The best traders are IT savvy, understand macroeconomics, and have a stress-busting sense of fun, says Choo-Guan Yeoh, who was appointed Singapore head of equities for UBS last October.
Originally from Malaysia, Yeoh, joined UBS Singapore from RHB Securities in 2001 as a sales trader and progressed quickly into leadership roles. Moving to Hong Kong in 2007, she led the greater China client-trading and execution team and pioneered the UBS roll-out of A-share (mainland-listed companies) trading in China – a first for an international broker.
She returned to Singapore in 2010 to head client trading and execution for Southeast Asia, a role she still holds in her new job. Yeoh talked to eFinancialCareers about the lure of Asia for Westerners, women in banking and how she originally wanted to be a scientist.
What makes a good sales trader?
I look for people who enjoy extra-curricular activities. I’m not interested in one particular sort of hobby, but just anything that generally shows they are sensible yet have a sense of fun. Lightheartedness creates positive energy on a tense trading floor and helps refocus energy. Awareness of how technology can assist you, strong software knowledge and programming, is a plus. In addition, you need to have a stronger understanding of markets on a macro basis, across asset classes. Understanding how liquidity drives financial markets is important.
Some banks in Asia have been cutting equities jobs. What’s the headcount outlook for your team?
Equities is a core focus for us, and UBS is consistently rated one of the top equities businesses in APAC, so last year we held our headcount stable, despite downward market volumes. I think we’ll be able to do the same this year, too. Any future hiring really depends on market conditions. If there’s a small uptake, we already have enough capacity in our current team, so I can’t see us adding.
Are you receiving many applications from bankers in Europe or the US?
There is strong interest from bankers in the West wanting to work in Asia. I’d say the volume of requests we get has tripled or quadrupled in the last 18 months. But to get a job, they must show they have experience that is lacking here, and this is getting harder. For example, derivative products are well established in Singapore and Hong Kong now – there’s a strong talent pool already here. Of course if they are senior and can bring a client base that is new to the bank, that’s different. But junior people might struggle to add enough value.
What’s been your toughest challenge as a manager?
When I became Singapore equities head, I went from managing 17 to 39 people. I have a strong background in sales trading, which makes it natural and easy for these members of my team to look up to me. But in my new role, I also have to manage people in equity research, a field I haven’t worked in before, so I’ve to put a lot of effort into this. You have to manage them differently. Traders are very direct and aggressive; you can have heated discussions with them and there are no hard feelings the next day. With researchers, you have to take a different approach.
What was it like leading the UBS A-share roll-out?
In 2007, we opened UBS Securities in China, created from the restructuring of Beijing Securities. We were pioneers leading the way by being the first foreign broker bringing best global practices onto our execution platform in Shanghai. That period was an amazing experience as we had no room for mistakes. We were trading the largest A-share volume for a foreign broker. I was extremely proud of what the team achieved.

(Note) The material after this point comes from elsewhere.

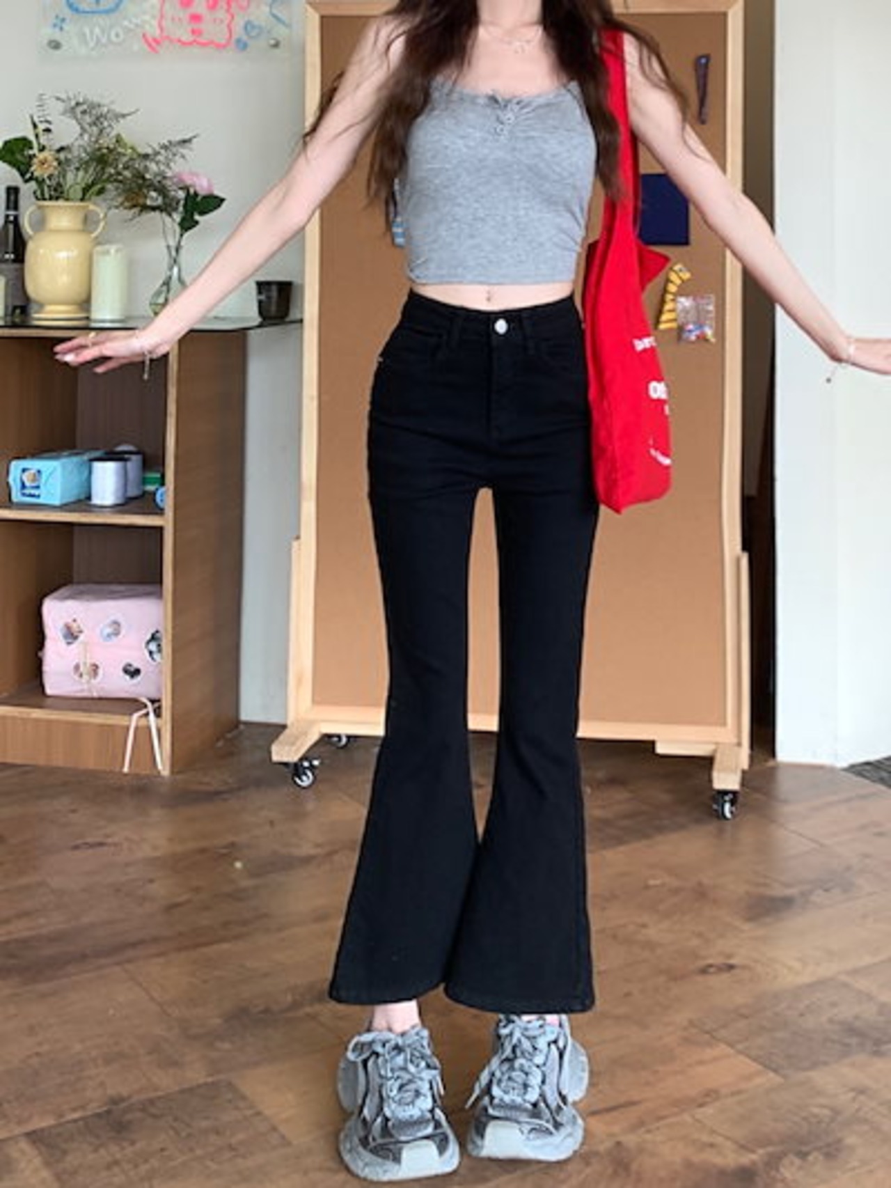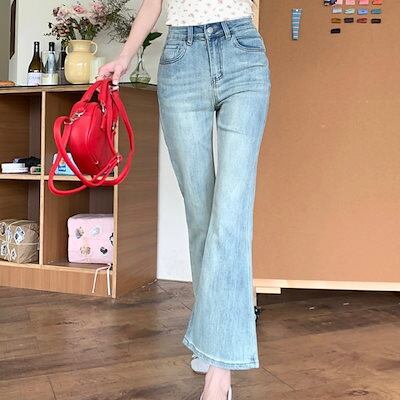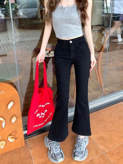 2024春夏パンツ デニム ジーンズ クロップド丈 アンクル丈 ワイドレッグ ハイウエスト 美脚効果 脚長効果 細見え 夏 黒 おしゃれ かわいい 韓国ファッション レディース お出かけ

How did you become a banker?
It was quite by accident and unplanned for. I originally intended to become a scientist. I studied fisheries biology at Humboldt State University in California and did a partial MBA, which I thought would help me write funding proposals for scientific research. But when I went back to Malaysia in 1996 it was very difficult to get funding for a PhD research project. So when a friend wanted people for his boutique equities team in Kuala Lumpur, I took a job executing deals – basically just keying in orders and getting paid pretty well for it. Then I moved on to sales trading in a large Malaysian bank, which I enjoyed and was something I excelled in. I joined UBS in Singapore in 2001 and haven't looked back since.
During your career did your gender ever hold you back?
Speaking just about my bank: I genuinely think we recognise merit regardless of race and gender. Our APAC CEO, Chi-Won Yoon, and other senior managers have driven a culture that is supportive of women. My managers were always on the lookout to provide opportunities for me to grow. The firm recognises high performers, both men and women, and makes sure they are taken care of in their career.
Looking at the banking industry as a whole, there are sometimes still challenges for women. While working in Hong Kong, I met up with the other heads of trading from the bulge bracket banks – I was the only Asian and the only woman. I think the number of senior women in banking probably fell during the financial crisis simply because they had more options – whether it was staying at home to start a new family or travelling. It wasn't that they couldn't handle the stress, they just had other options to consider and made the choices that were right for them.
The banking industry tends to be male-dominated across the board. If managers aren’t used to managing women, bias may creep into their hiring decisions, whether consciously or not. So as a hiring manager, you have to consciously think about what you can do to add diversity to the team to ensure that you generate the best ideas. But as a young banker, never get hung up on gender. Work hard, be passionate about banking, and find the right firm that recognises your needs.